US role in the Haitian crisis
Announcing the designation of Haitian gangs as FTOs, US Secretary of State Marco Rubio declared, “the age of impunity for those supporting violence in Haiti is over.”
But the US’s own record tells a different story – one in which Washington has consistently enabled, armed, or propped up the very forces driving the violence in Haiti.
From the brutal US military occupation of Haiti (1915–1934), to Cold War-era support for dictators like François “Papa Doc” and Jean-Claude “Baby Doc” Duvalier, Washington has repeatedly prioritized US economic interests over self-determination for Haitians.
This pattern has continued into the 21st century. The US is accused of having a hand in the overthrow of democratically-elected President Jean-Bertrand Aristide in 2004. The intervention replaced popular rule with foreign-backed transitional regimes that lacked legitimacy and further eroded public institutions.
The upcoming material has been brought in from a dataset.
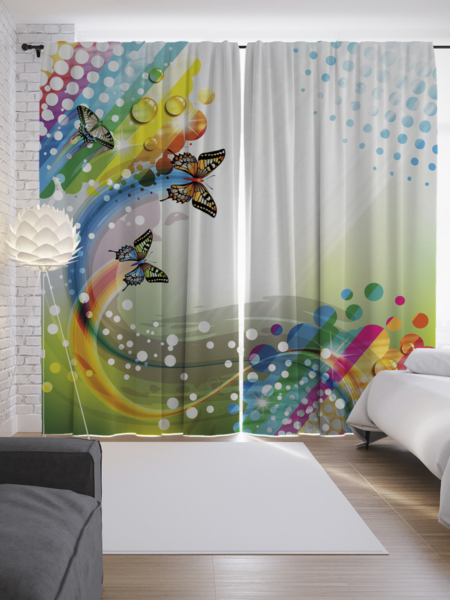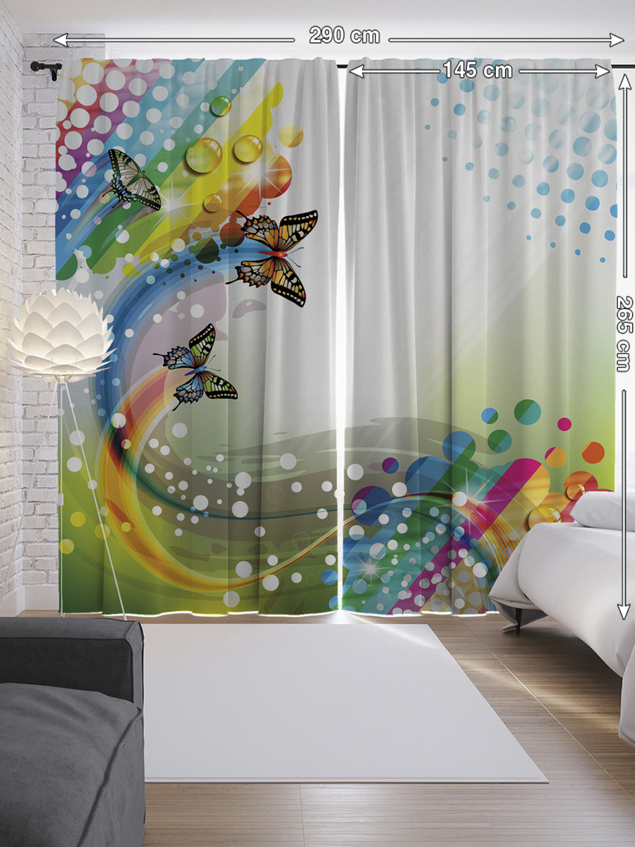 Шторы с фотопечатью "Радужный шлейф и бабочки" из сатена, 145x265 см

The result is a Haiti where economic sovereignty has been systematically undermined, creating fertile ground for gang rule to flourish. Decades of neoliberal reforms imposed by the IMF and backed by the US have devastated Haiti’s ability to build resilient public services, while foreign NGOs and private interests have often supplanted state functions. The US has repeatedly pushed for elections and “stability” under conditions that benefit foreign capital and political elites, but not the Haitian people.
A country in crisis
Following numerous foreign interventions, Haiti has been teetering on the edge of collapse for years. Drowning in overlapping crises of governance, security, and economic despair since the assassination of President Jovenel Moïse in July 2021, the country has failed to stabilize, with no elected national officials currently in office and the capital fragmented by gang rule. The constant crisis and lack of legitimate authority has created fertile ground for gang rule to flourish.
The United Nations estimates that by the end of 2024, gang violence caused the death of over 5,600 people and displaced more than one million across Haiti. Since January 2025, another 6,000 people have been forced from their homes in the capital alone, as brutal violence ranging from kidnappings to systematic sexual assaults continues.
Efforts to establish a transitional presidential council and appoint a new prime minister have so far stalled amid infighting and skepticism about foreign involvement. Many of the May 5 protesters demanded the resignation of interim Prime Minister Alix Didier Fils-Aimé, the fourth interim PM since Ariel Henry’s assassination, accusing the transitional authorities of lacking legitimacy and failing to protect the population.
The recent discontent comes nearly a year after the arrival of hundreds of Kenyan police officers as part of the Kenya-led Multinational Security Support Mission, authorized by the UN Security Council in October 2023. The mission has the mandate to help stabilize the country and combat the gangs which control significant parts of national territory, and support the Haitian National Police. However, the deployment has faced widespread criticism, with many seeing it as yet another US-backed foreign intervention but with an African face.
Amid clamors for peace and an end to the gang violence, many remain skeptical of foreign troops on Haitian soil given the outcome of previous interventions.
Stability and peace in Haiti, activists insist, cannot be achieved through foreign military occupations and interventions, but must start by supporting sovereign Haitian-led solutions, and redressing decades of economic and political sabotage.